Data extracted from a collection
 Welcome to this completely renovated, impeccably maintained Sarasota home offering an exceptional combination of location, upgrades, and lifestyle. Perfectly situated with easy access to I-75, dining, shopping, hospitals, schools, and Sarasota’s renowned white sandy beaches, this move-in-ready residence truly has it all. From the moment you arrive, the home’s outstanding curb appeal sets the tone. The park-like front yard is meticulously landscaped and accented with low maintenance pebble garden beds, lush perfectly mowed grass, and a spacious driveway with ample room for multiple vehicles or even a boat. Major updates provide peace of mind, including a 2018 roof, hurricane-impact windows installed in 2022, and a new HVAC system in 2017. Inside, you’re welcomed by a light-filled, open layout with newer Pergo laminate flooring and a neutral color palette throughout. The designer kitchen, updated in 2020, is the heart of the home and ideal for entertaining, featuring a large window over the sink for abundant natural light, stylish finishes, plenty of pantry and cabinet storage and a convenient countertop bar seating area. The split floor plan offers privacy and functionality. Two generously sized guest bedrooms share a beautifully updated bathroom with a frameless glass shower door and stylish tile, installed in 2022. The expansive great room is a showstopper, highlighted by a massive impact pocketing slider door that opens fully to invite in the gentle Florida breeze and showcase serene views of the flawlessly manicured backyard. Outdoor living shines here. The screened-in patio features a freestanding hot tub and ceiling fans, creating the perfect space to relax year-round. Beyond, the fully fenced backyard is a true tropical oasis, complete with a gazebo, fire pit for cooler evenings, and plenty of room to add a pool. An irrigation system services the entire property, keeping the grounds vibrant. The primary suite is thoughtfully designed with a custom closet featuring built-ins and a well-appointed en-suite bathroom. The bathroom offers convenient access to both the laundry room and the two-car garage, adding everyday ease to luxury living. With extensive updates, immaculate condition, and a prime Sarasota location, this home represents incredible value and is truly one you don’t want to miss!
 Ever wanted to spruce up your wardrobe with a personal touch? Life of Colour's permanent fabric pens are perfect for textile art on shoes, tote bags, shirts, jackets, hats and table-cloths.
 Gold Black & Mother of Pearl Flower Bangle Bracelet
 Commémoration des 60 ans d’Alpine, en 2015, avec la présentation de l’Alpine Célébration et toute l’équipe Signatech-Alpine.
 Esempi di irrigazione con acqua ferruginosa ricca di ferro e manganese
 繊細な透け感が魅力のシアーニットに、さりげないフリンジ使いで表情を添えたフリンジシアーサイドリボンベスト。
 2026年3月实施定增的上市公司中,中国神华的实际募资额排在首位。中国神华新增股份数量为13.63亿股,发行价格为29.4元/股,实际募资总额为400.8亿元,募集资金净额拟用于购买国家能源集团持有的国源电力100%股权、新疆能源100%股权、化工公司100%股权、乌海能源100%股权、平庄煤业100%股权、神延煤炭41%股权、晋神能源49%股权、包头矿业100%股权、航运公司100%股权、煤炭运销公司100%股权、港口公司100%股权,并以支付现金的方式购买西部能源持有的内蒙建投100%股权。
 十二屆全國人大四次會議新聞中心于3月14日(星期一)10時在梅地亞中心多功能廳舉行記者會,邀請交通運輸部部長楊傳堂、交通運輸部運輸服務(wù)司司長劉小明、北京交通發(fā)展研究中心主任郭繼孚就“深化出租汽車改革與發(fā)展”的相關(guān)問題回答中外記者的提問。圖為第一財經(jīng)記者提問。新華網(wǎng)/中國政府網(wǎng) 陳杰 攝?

=== DIRECTIONS FOR THIS TASK ===
Could you quote, exactly as they appear, the line containing "Ever wanted to" and every line after it to the end of the records above?

=== WRITTEN RESPONSE ===
 Ever wanted to spruce up your wardrobe with a personal touch? Life of Colour's permanent fabric pens are perfect for textile art on shoes, tote bags, shirts, jackets, hats and table-cloths.
 Gold Black & Mother of Pearl Flower Bangle Bracelet
 Commémoration des 60 ans d’Alpine, en 2015, avec la présentation de l’Alpine Célébration et toute l’équipe Signatech-Alpine.
 Esempi di irrigazione con acqua ferruginosa ricca di ferro e manganese
 繊細な透け感が魅力のシアーニットに、さりげないフリンジ使いで表情を添えたフリンジシアーサイドリボンベスト。
 2026年3月实施定增的上市公司中,中国神华的实际募资额排在首位。中国神华新增股份数量为13.63亿股,发行价格为29.4元/股,实际募资总额为400.8亿元,募集资金净额拟用于购买国家能源集团持有的国源电力100%股权、新疆能源100%股权、化工公司100%股权、乌海能源100%股权、平庄煤业100%股权、神延煤炭41%股权、晋神能源49%股权、包头矿业100%股权、航运公司100%股权、煤炭运销公司100%股权、港口公司100%股权,并以支付现金的方式购买西部能源持有的内蒙建投100%股权。
 十二屆全國人大四次會議新聞中心于3月14日(星期一)10時在梅地亞中心多功能廳舉行記者會,邀請交通運輸部部長楊傳堂、交通運輸部運輸服務(wù)司司長劉小明、北京交通發(fā)展研究中心主任郭繼孚就“深化出租汽車改革與發(fā)展”的相關(guān)問題回答中外記者的提問。圖為第一財經(jīng)記者提問。新華網(wǎng)/中國政府網(wǎng) 陳杰 攝?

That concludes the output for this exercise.